New die design cuts dough divider running costs - company

By Lynda Searby

- Last updated on GMT

Related tags: Baker perkins, Baking

Processing equipment manufacturer Baker Perkins has redesigned the dies for its Accurist and Accurist2 dough dividers to reduce downtime, oil consumption and dough waste. The company said bakers who replace their existing dies with these new dies can expect payback within a year.

Dough dividers are used to separate dough into individual pieces of a required weight. Baker Perkins said it has sold several hundred of its Accurist dividers to bakeries around the world and each is fitted with four or five dies.

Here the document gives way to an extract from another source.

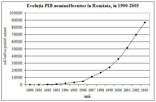 In tara noastra, in perioada 1990-2003, PIB in valori nominale, preturi curente ale fiecarui an, a cunoscut urmatoarea evolutie, prezentata in Tabelul 2.1, in care valoarea PIB incepand cu 1998 este prezentata conform metodologiei SEC 95. Cei doi indicatori PIB nominal si PIB nominal/locuitor sunt prezentati in graficul din Figura 2.1 si Figura 2.2, prezentand o evolutie ascendenta, puternic crescatoare.
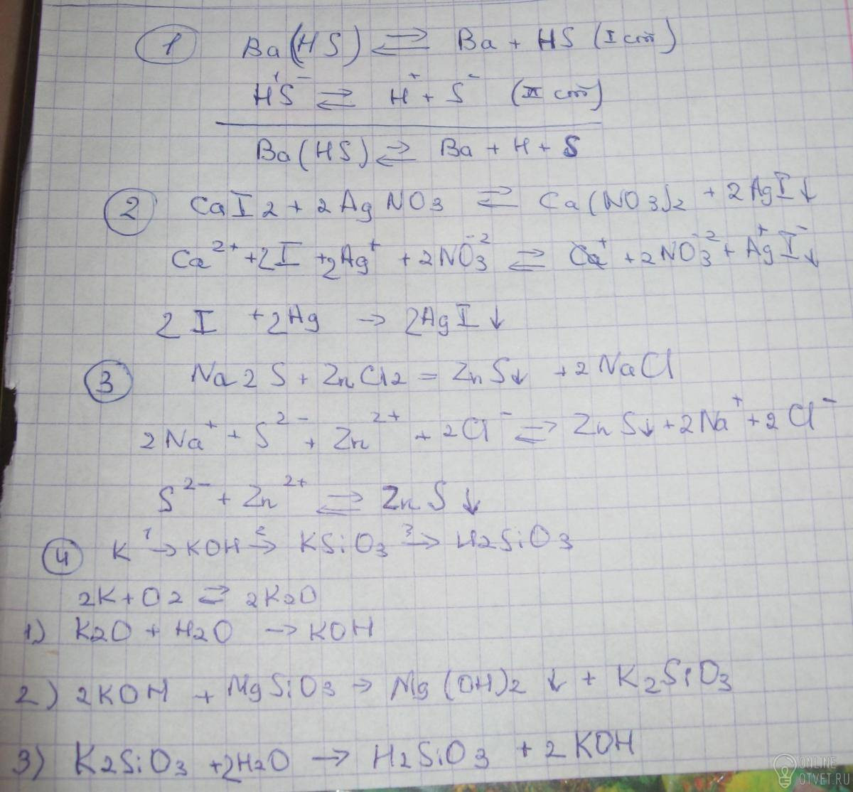 1.Написать диссоциацию гидросульфида бария,гидрокарбоната магния.

“The dies move sideways and downwards in the machine to set the weight of the dough piece and then eject it from the machine,”​ explained Keith Graham, marketing manager with Baker Perkins. “They are plastic but because there’s movement there has to be lubrication, which means oil seeps past the die.”

In addition, he said dough works its way past the die, and after a while the build-up of dough prevents them moving smoothly in the machine, which in turn affects the weight control, leaving bakers with no choice but to clean the dies.

Frequent cleaning increases downtime and the risk of damage to the dies, said Graham. “The dies are basically plastic blocks covered in oil, which makes them very slippery. If you drop them they become deformed and won’t slide in the machine, which messes up your weight control.”

Baker Perkins became aware of these issues from discussions with customers and feedback from service engineers.

“We have a lot of dividers on service contracts so we get a lot of feedback on the performance of machines,"​ he added. "One comment that kept coming back was that the dies are not easy to clean and are difficult to handle. Customers also told us that the amount of oil being used was something they wanted to reduce if possible.”

Self-cleaning

Acting on this feedback, Baker Perkins has reduced the contact area between the die and the machine by 50% and introduced a self-cleaning feature that disposes of dough passing the die face rather than allowing it to accumulate. It has also made the dies lighter and easier to grip.

“By reducing the amount of die that is in contact with the machine we have reduced the friction and therefore the amount of oil needed. In minimising the amount of oil going past the die we’ve reduced the amount of dough going past the die. The net effect is that bakeries don’t waste as much oil and dough and the die will run for longer before it needs cleaning. When it does need cleaning there is less danger of it becoming damaged,”​ said Graham.

Graham said typical savings accrued by switching to the new dies might be 10-15 per cent on oil, and 5-10 per cent on dough.

The marketing manager pointed out: "Oil is very expensive and the dies are not that expensive so bakeries are looking at payback within a year."

Performance of the Accurist2 divider has been further enhanced by the introduction of a ram (the part of the system that pushes the die into the chamber) with more efficient oil distribution that is said to improve operation and extend component life.